Scientists have folded salty ice and discovered that it behaves like an electric generator

When we think of ice and salt, it is normal to imagine a road in the middle of winter: the accumulated snow on the asphalt, the trucks spreading salt in a hurry and the neighbors trying not to slip on the icy sidewalks. It is a typical scene in the north or in the mountain areas, where winter turns the landscape into postcard, but also a daily challenge for those who have to move between cut roads or pedestrian crossings turned into traps.

What we usually see how a simple help against ice on roads, can actually hide an energy potential. A team from the University of Xi’an Jiaotong, in collaboration with ICN2 and Stony Brook University, has managed to try it in the laboratory.

A discovery with “taste” to salt. A pinch of salt for a material to deform, produce electricity. This phenomenon has a name and is called flexoelectricity. It had already been observed in moving glaciers or in ice plates under pressure, but never with results as powerful as those achieved in this study.

According to the studythe team frozen water with different concentrations of common salt (NaCl) and created ice blocks in several ways: cones, beams and plates. Then they applied flexion tests – check the ice on two supports and exert pressure from above – and measured the electricity generated. The result was surprising: salty ice generated up to 1,000 times more electric charge than pure ice.

The key ingredient. But how can salt enhance something as inert as ice? The answer is in the salted water microchannels that are trapped between the crystals. As the ICN2 press release detailssalt prevents ice from freezing. When folding, water and salt ions move from compressed areas to the stretched, generating an electric charge flow, what scientists call a “Current streaming”(Drag current).

In practical terms, the effect is so strong that experimental devices reached values ​​comparable to the best piezoelectric materials used today in the industry, According to research.

Depend on ice. At first glance, this technology could have applications in extreme environments, such as scientific stations in polar regions, where installing conventional energy infrastructures is very difficult.

The finding contrasts with reality.
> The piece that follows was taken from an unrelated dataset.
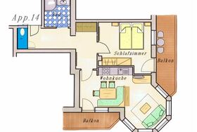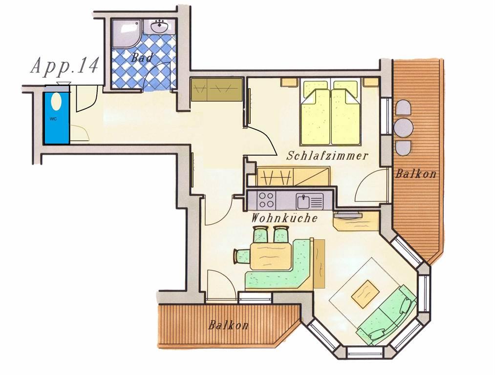 Zweiraumappartement, 50 m², Süd- und Ostbalkon, Kabel-TV, Radio, Safe, Telefon, Geschirr, Bettwäsche, Handtücher, Kaffeemaschine, Wasserkocher, Mikrowelle, Geschirrspüler.

Since 2000, glaciers have lost 273,000 million tons of water annually, According to ESA. That is equivalent to the consumption of the entire world population for three decades. The setback is already translates into a loss of 5% of the global ice volume, with visible consequences: increased sea level and less availability of fresh water in rivers such as Ebro. Thus, to talk about ice as an energy resource raises an uncomfortable paradox: depending on something that melts increasingly faster.

That’s not all. Beyond the environmental dilemmas, the study itself recognizes that there is still much to solve. As they point out in Techxploresalty ice devices suffer mechanical fatigue: after many flexion cycles, their ability to generate energy can fall to 80%. In addition, much of energy is lost in the form of heat, which makes efficiency still lower than that of commercial piezoelectric devices.

The look is wide. Even so, the finding opens a fascinating door. “Its advantages – abundance, sustainability and low cost – make it a promising candidate for clean technologies,” Underline the ICN2. And researchers believe that the model is not limited to ice: it could be applied to other porous solids containing fluids inside.

The paradox, however, persists: while science explores how to take advantage of the hidden energy on ice, climate change melts at an alarming pace. Perhaps this discovery not only serves to think about new technologies, but also to remember the value of a resource that is disappearing.